Il Pegasus, un sofisticatissimo software di spionaggio, è prodotto dal NSO Group, nato nel 2010 con 500 dipendenti e ha la propria sede a Herzliya, a nord di Tel Aviv. I fondatori, Omri Lavie, Shalev Hulio e Niv Carmi provengono tutti dall’Unità 8200, il reparto informatico delle forze armate israeliane che ha l’incarico di sorvegliare elettronicamente “ogni aspetto della vita palestinese”. Le competenze acquisite nell’Unità 8200 sono poi state sfruttare in campo commerciale, con profitti altissimi.

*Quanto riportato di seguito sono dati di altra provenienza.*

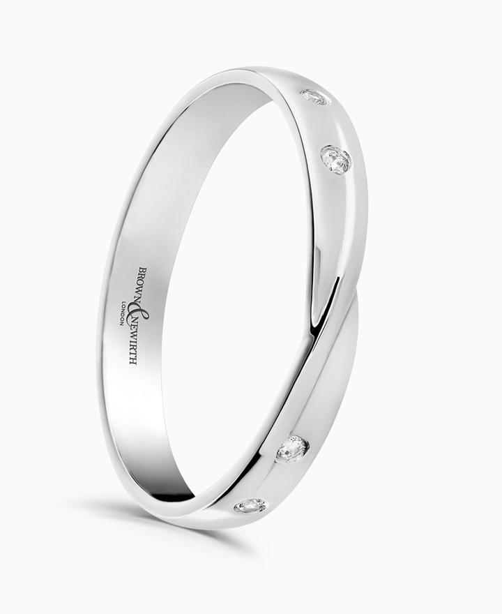 Handcrafted by Brown & Newirth; round brilliant cut diamonds are set either side of the pinch on this bow design, presented on a classic court band. Total carat weight 0.03ct

La compagnia israeliana difende il proprio operato facendo notare che Pegasus è venduto ad agenzie governative e forze dell’ordine che sono responsabili del suo utilizzo. Secondo il proprio sito, l’NSO Group è in prima linea nella lotta contro “terroristi, narcotrafficanti, pedofili e altri criminali”. In pratica, però, tra gli acquirenti di Pegasus ci sono governi autoritari o dittature vere e proprie che usano il sistema per colpire dissidenti, attivisti per i diritti umani, giornalisti e oppositori politici, tanto che molte istituzioni che si occupano di diritti umani hanno richiesto che alcune delle attività dell’NSO Group siano fermate.